HSF FOCUS
The Zuma administration harmed economic growth in several ways. There was zero interest in the patient promotion of growth. Instead, elite enrichment by any means possible was the central focus. To the latter end, institutions essential to growth were hollowed out and partly repurposed for private accumulation. Revelations of outrageous corruption failed to lead to investigation and punishment. The quality of management and accountability in the state and state owned entities declined. Fiscal space was used up rapidly and the public debt to GDP ratio soared. Vague symbolic appeals to ‘radical economic transformation’ were used to divert attention from the increasing mess, increasing uncertainty.
The replacement of Zuma has brought a change in tone, but it remains to be seen how far attention to economic growth can be sustained in the medium term, given competing demands for attention in the form of political firefighting and the 2019 election. Still, if achieving economic growth requires persistence, so does the advocacy of measures to promote it. Accordingly, FOCUS publishes four articles on growth by leading economists in this edition.
The central point is that South Africa is stuck in developmental terms. Johannes Fedderke argues that potential economic growth (the speed limit for the economy in the medium term has dropped to below 2% since 2010. The International Monetary Fund concurs. Its April 2018 projection implies a potential growth rate of 1.8% in the early 2020s. Given a population growth rate of 1.1% in the same period, the tiny growth in real per capita incomes, if maintained, imply that it would take a century for living standards to double.

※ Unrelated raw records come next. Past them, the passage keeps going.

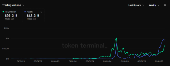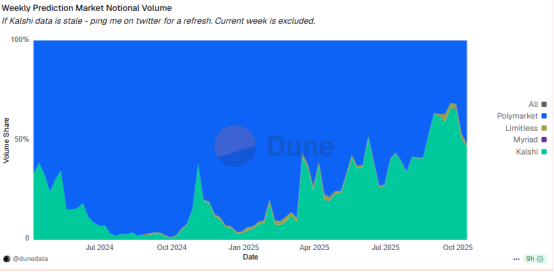 在问题之后,市场挑战也接踵而至。在预测市场,Polymarket与Kalshi呈现分庭抗礼之势,从差异化而言,前者玩法更加密原生,强调去中心化,预测领域涵盖更广泛,政治、经济、体育、娱乐等均有囊括,而后者则以合规为竞争力,是获得美国CFTC批准的合规交易所,对机构用户与圈外人士更具吸引力。尽管现下在交易量与品牌声量方向,Polymarket以绝对优势领先,但后者弯道超车之势明显,Kalshi通过Dune平台以每周名义交易量计算的市场份额从2025年1月的8%上升到2025年9月的66%,现虽回落至46.6%,但增长势头仍然迅猛。就连最近融资,Kalshi也不落其后,同样传出消息Kalshi正收到来自风险投资机构的融资要约,估值区间为100亿至120亿美元。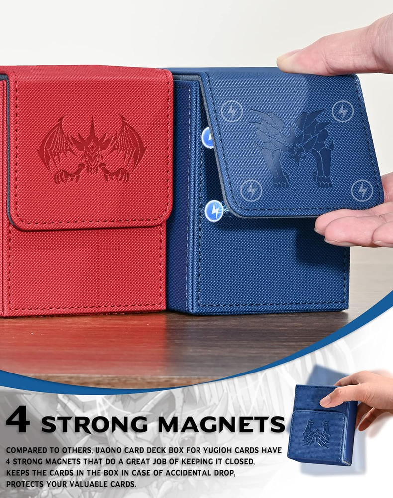 ๐พ๐ฌ๐ณ๐ณ ๐ช๐น๐จ๐ญ๐ป๐ฌ๐ซ: This yugioh deck box is crafted from durable polyurethane leather, superior to most other faux leathers. The interior features a soft texture that protects your cards from scratch, ensuring they remain in excellent condition during transport ๐ฏ๐ฐ๐ฎ๐ฏ ๐ช๐จ๐ท๐จ๐ช๐ฐ๐ป๐: The trading card box can comfortably hold 80+ double-sleeved cards or 100+ single-sleeved cards. The 2 extra dividers are ideal for separating your different decks ๐บ๐ป๐น๐ถ๐ต๐ฎ ๐ด๐จ๐ฎ๐ต๐ฌ๐ป๐บ: Compared to others, the mtg card box features 4 pairs of strong magnets that ensure a secure closure. This design keeps your cards safely inside even if dropped accidentally, offering superior protection for your valuable cards ๐ฉ๐ฌ๐จ๐ผ๐ป๐ฐ๐ญ๐ผ๐ณ ๐ฌ๐ด๐ฉ๐ถ๐บ๐บ: The series of card deck boxes are embossed with various dragon designs and available in a range of colors. The clear, detailed dragon emblems add a distinctive touch, helping you stand out among all players ๐ท๐ฌ๐น๐ญ๐ฌ๐ช๐ป ๐ฉ๐ถ๐ฟ: The UAONO commander deck box is ideal for taking to the game store or a friend's house for game night. Suitable for MTG, PKM, sports card and more. Highly recommend it to anyone who plays trading card games Product Description
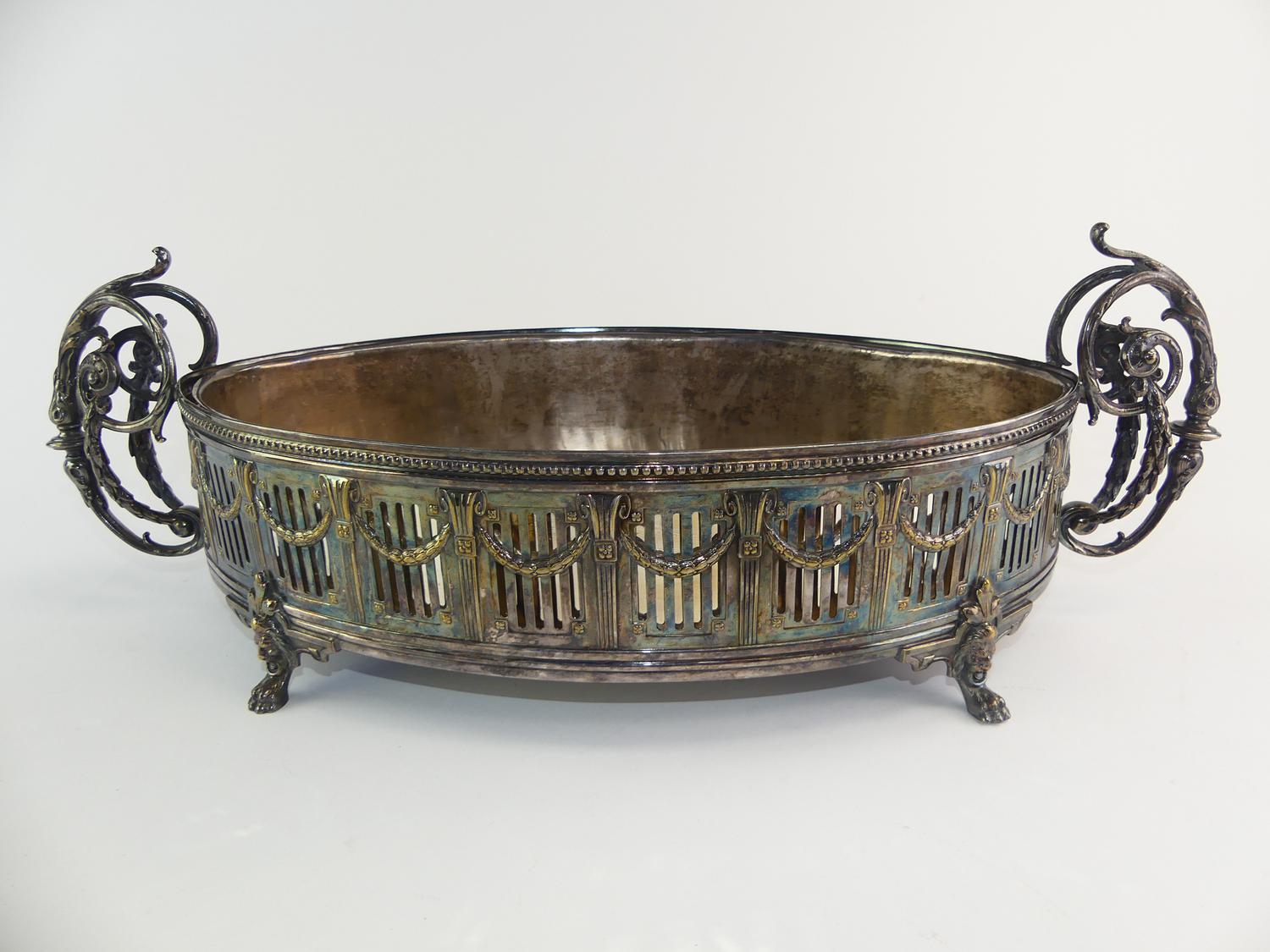 early 20th century silver plate footed jardiniere, length 19 1/2"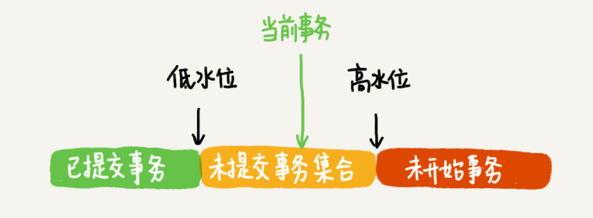 当然,如果“上一个版本”也不可见,那就得继续往前找。还有,如果是这个事务自己更新的数据,它自己还是要认的。在实现上, InnoDB 为每个事务构造了一个数组,用来保存这个事务启动瞬间,当前正在“活跃”的所有事务 ID。“活跃”指的就是,启动了但还没提交。数组里面事务 ID 的最小值记为低水位,当前系统里面已经创建过的事务 ID 的最大值加 1 记为高水位。这个视图数组和高水位,就组成了当前事务的一致性视图(read-view)。而数据版本的可见性规则,就是基于数据的 row trx_id 和这个一致性视图的对比结果得到的。这个视图数组把所有的 row trx_id 分成了几种不同的情况。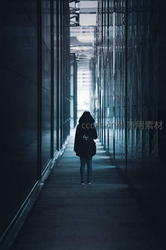 一位穿着连帽外套的人走在现代建筑的玻璃长廊中,两侧镜面反射形成纵深感,整体蓝调氛围渲染出都市中的疏离与沉思。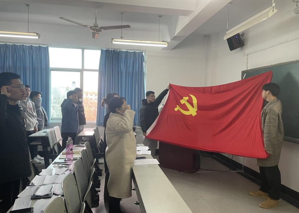 汇报结束后,入党介绍人黄润芸老师和王珂老师对康文超等10名预备党员预备期一年的思想、工作、生活等各方面表现进行总结评价,肯定了康文超等10名同志在各方面所取得的成绩和良好的工作作风。经过太阳集团tyc234cc学生第二党支部的正式党员的不记名投票决定接收康文超等10名预备党员如期转正。黄书记进行总结讲话,希望康文超等10名同志转正后能按党员标准严格要求自己,学习再刻苦,工作再努力,做一名让人民群众信得过的优秀党员。全体党员同志也要加强自我学习、自我教育、自我锻炼、自我约束,牢记初心使命,起好模范带头作用。最后,学生第二党支部组织委员吴彦生老师带领大家重温入党誓词。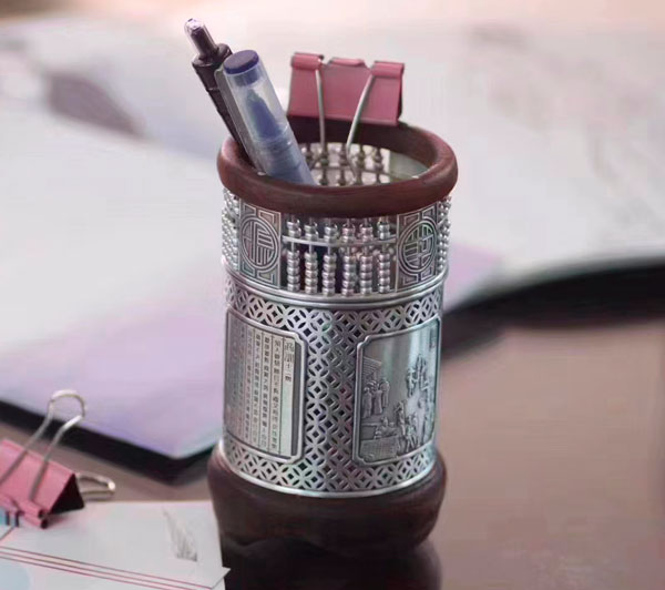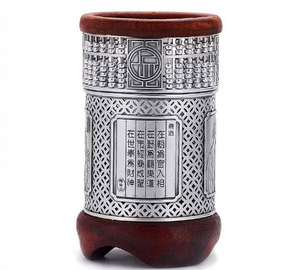 纯银笔筒999足银摆件红酸枝木
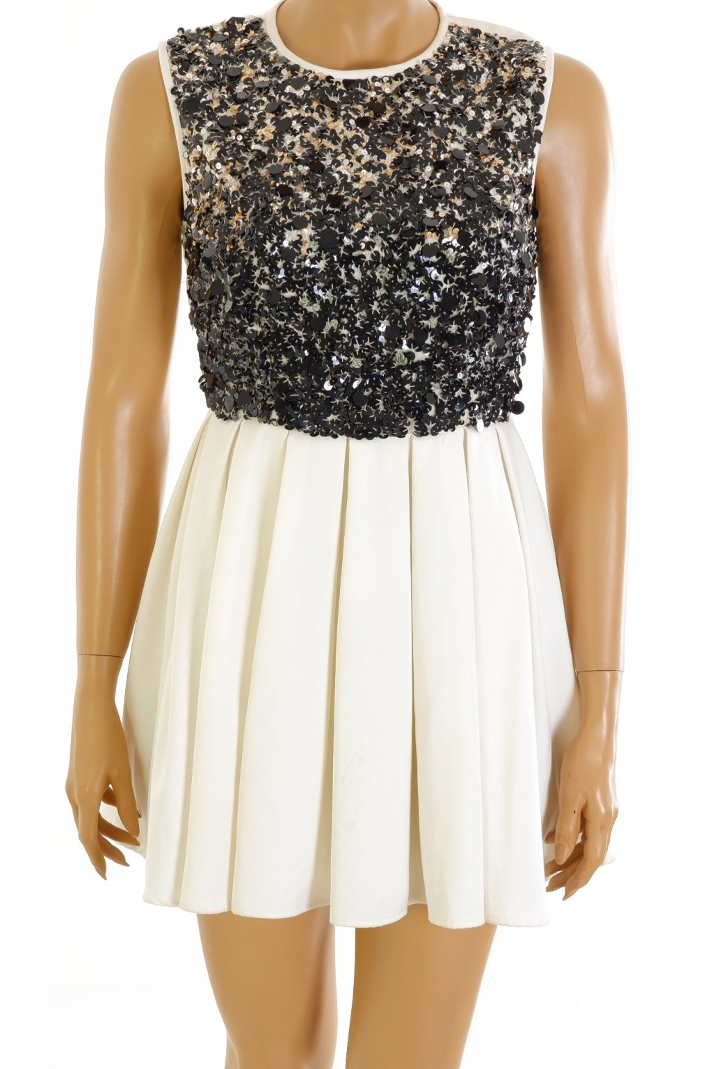 Šaty TFNC bílé s černými a zlatými flitry vel. S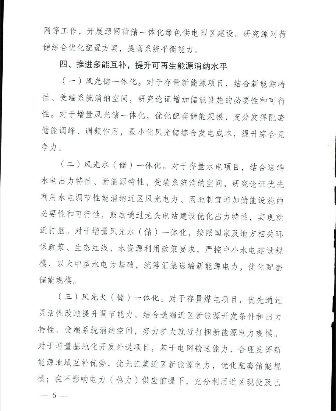 風光火(儲)一體化。對于存量煤電項目,優先通過靈活性改造提升調節能力,結合送端近區新能源開發條件和出力特性、受端系統消納空間,努力擴大就近打捆新能源電力規模。對于增量基地化開發外送項目,基于電網輸送能力,合理發揮新能源地域互補優勢,優先匯集近區新能源電力,優化配套儲能規模;在不影響電力(熱力)供應前提下,充分利用近區現役及已納入國家電力發展規劃煤電項目,嚴控新增煤電需求;外送輸電通道可再生能源電量比例原則上不低于50%,優先規劃建設比例更高的通道;落實國家及地方相關環保政策、生態紅線、水資源利用等政策要求,按規定取得規劃環評和規劃水資源論證審查意見。對于增量就地開發消納項目,在充分評估當地資源條件和消納能力的基礎上,優先利用新能源電力。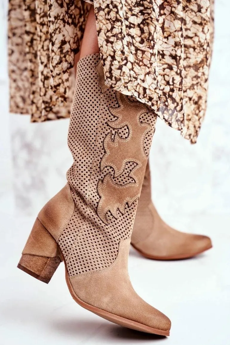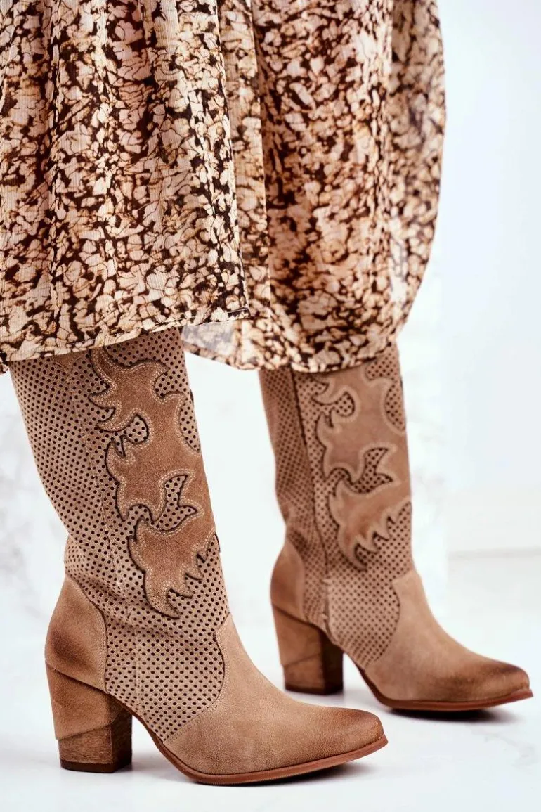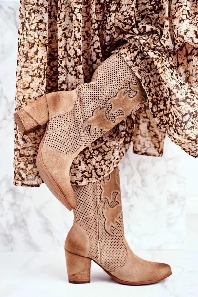 Damskie Botki Na Słupku Beżowe Skórzane Wysokie Rosemary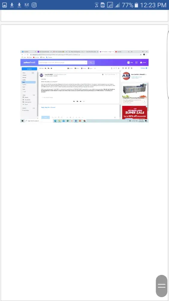 2. On Oct 1, 2020 @ 12:11pm via email, requested Ms Manalili to furnish us official Statement of Account of our auto-loan for us to fully pay. NO REPLY.
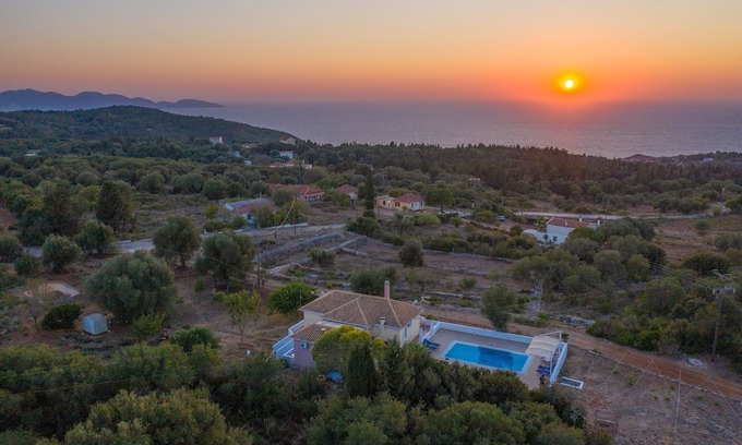 The villa stands in a very quiet environment, surrounded by an area of olive trees with a couple of very friendly, local neighbours. The villa is west facing so it is possible to see the most beautiful sunsets over a sea view.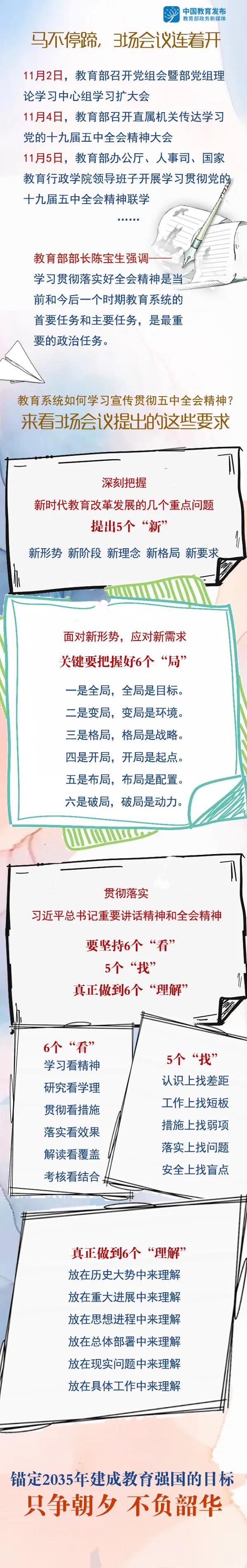 連日來,教育部連續召開會議,從黨組、機關到直屬單位,都迅速行動、精心部署學習宣傳貫徹五中全會精神——

Fedderke shows that poor growth performance has long been a feature of the South African economy, arguing that unbalanced growth, product market distortions, a misconception of the relation between inequality and growth, and political economy constraints are responsible. Unbalanced growth under South African circumstances is concentrating labour absorption in low productivity sectors, making policy that drives up the real price of labour likely to be particularly counterproductive. Instead, supply side measures are needed, with particular attention to international competitiveness and access to world markets needed to increase competition in the South African economy. High levels of concentration in output markets lead to high mark-ups, lower productivity growth and they reinforce labour market inflexibility.
While there are endless studies on inequality, there is virtually no analysis of the relationship between inequality and economic growth. Fedderke finds that growth and inequality determine each other in a benevolent way. In particular, the impact of growth on labour absorption, and hence inequality is strong. He also finds that there has been erosion in the quality of governance, dampening economic growth.